FRANK ZUFALL Staff Reporter, Sawyer County Record, Mar 28, 2023

If the walls of the Clam Lake Community Center could talk, they would tell tales of decades of celebrations — Christmas parties, birthdays and weddings, fireworks and fun.

In recent days, though, they more likely would have been groaning than telling tales — the weight of several feet of snow bearing down on them, forcing them to swell and buckle.

On Monday, their suffering came to an end when the building was demolished as a safety precaution. Just a week earlier, neighbor Jerry Justice was walking by the club and saw that the entire building was leaning, as if being pushed by a strong wind. Justice notified the club’s president who arrived and placed yellow, warning tape around the building to keep people out.

Lynne Rice, the longest living resident of Clam Lake and an officer of the club, invited a reporter to visit the building, which was still standing, on March 23. It was too dangerous to enter.
“It just got noticeably worse from Thursday,” said Rice on Tuesday, March 28.

The decision had by then been made to level the building, taking the roof off first so workers could enter safely and retrieve many of the artifacts, photos and drawings that Rice, as club historian and secretary, had collected over the years.

“It was a long, emotional day,” Rice said.

Rice, who is a correspondent for the Glidden newspaper, wrote, “It is with a heavy heart that I write of the loss of fixture of our community for the past 82 years — The Clam Lake Community Club.”

The community building was built in 1941 by Harry Snyder with help from community members who used the remains of a Civilian Conservation Corps barracks at Camp Beaver along Highway GG South for construction materials.

Camp Beaver was built in 1933 under President Franklin D. Roosevelt, who created the CCC as a federal work relief program that over the Depression years put millions of people to work on projects including upgrading infrastructure, replanting trees and even creating murals.

Camp Beaver stopped functioning in 1936, and in 1937 the barracks was given to the club, Rice said.

“They use to repurpose those CCC buildings a lot back then,” she said. “They took parts of the dismantled barrack and new material to create the club.”

Over the years the interior was remodeled with a stage on one end.

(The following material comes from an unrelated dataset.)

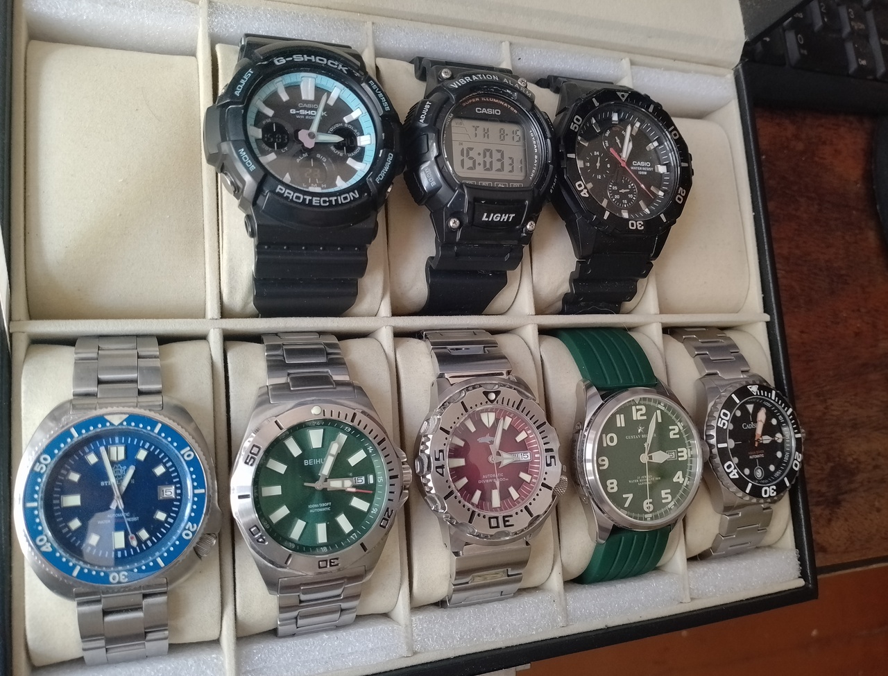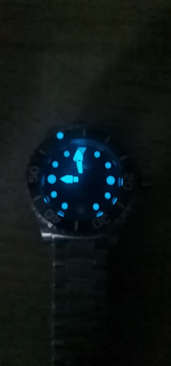 К сожалению, люм красивый лишь на фото, по факту - его, считай, нет, потому не стал и выкладывать фото с ним. Но когда я заказывал, я об этом знал, такое же г... на адиесдайвах используется в синем варианте, на фото у продавца было уже по фото понятно, что нормального люма нет, всё, что не C3 - не светится нормально. Но цена уж больно по акции вкусная была, да и часы, в целом, отличные, аккуратные такие часики. Кстати, первый день из коробки шли +20сек, спустя насколько дней идут -1сек -::- +5 сек, наверное, расходились. Ношу не снимая несколько дней - очень удобная посадка, удобная коронка, удобный безель, хорошо обработанный браслет, жалко люма недоложили :-)

Rice said the inside was unique, unlike any small community center.

The small community of Clam Lake used the building for many events: Fourth of July with fireworks shot off the back lot over the nearby lake, Christmas events, seasonal parties, plays, celebrations of birthdays, square dances, community feeds and more.

“The last event held in the Club House was the Christmas party of 2022,” said Rice. “We had decided not to have any more events until spring.”

Rice said the building survived other winters and heavy snows, including the winter of 2013-14 when 144 inches of snow fell. But this winter the Clam Lake area received more than 10 feet of snow that was often wet and heavy.

The old building just couldn’t take it any more.

“There has been so much that happened there over the years as an organization,” Rice said. “This club was instrumental in getting electricity out here and telephone service out here, and even the elk (a herd relocated from Michigan) that we have, people from our civic organization were even involved in that, and they helped obtain a scenic highway designation.”

On Thursday, March 23, Rice was concerned that all the items that had been collected about the area over the years, many she collected personally, would be destroyed if the ceiling fell in.
“There’s a safe in there with old records from when this started in the 1930s,” she said. “There’s also a file cabinet that has more current records that I’m concerned about. I have a lot of historical pictures on the wall, but most of them are laminated copies. I have the originals at the Glidden Museum.”

She was relieved when workers on Monday, March 27 were able to retrieve most and put them into totes.

If there is any good news, it’s that the building is insured and the policy should be enough to get a start on a new structure, but Rice believes there will also have to be community fundraising for what insurance doesn’t cover.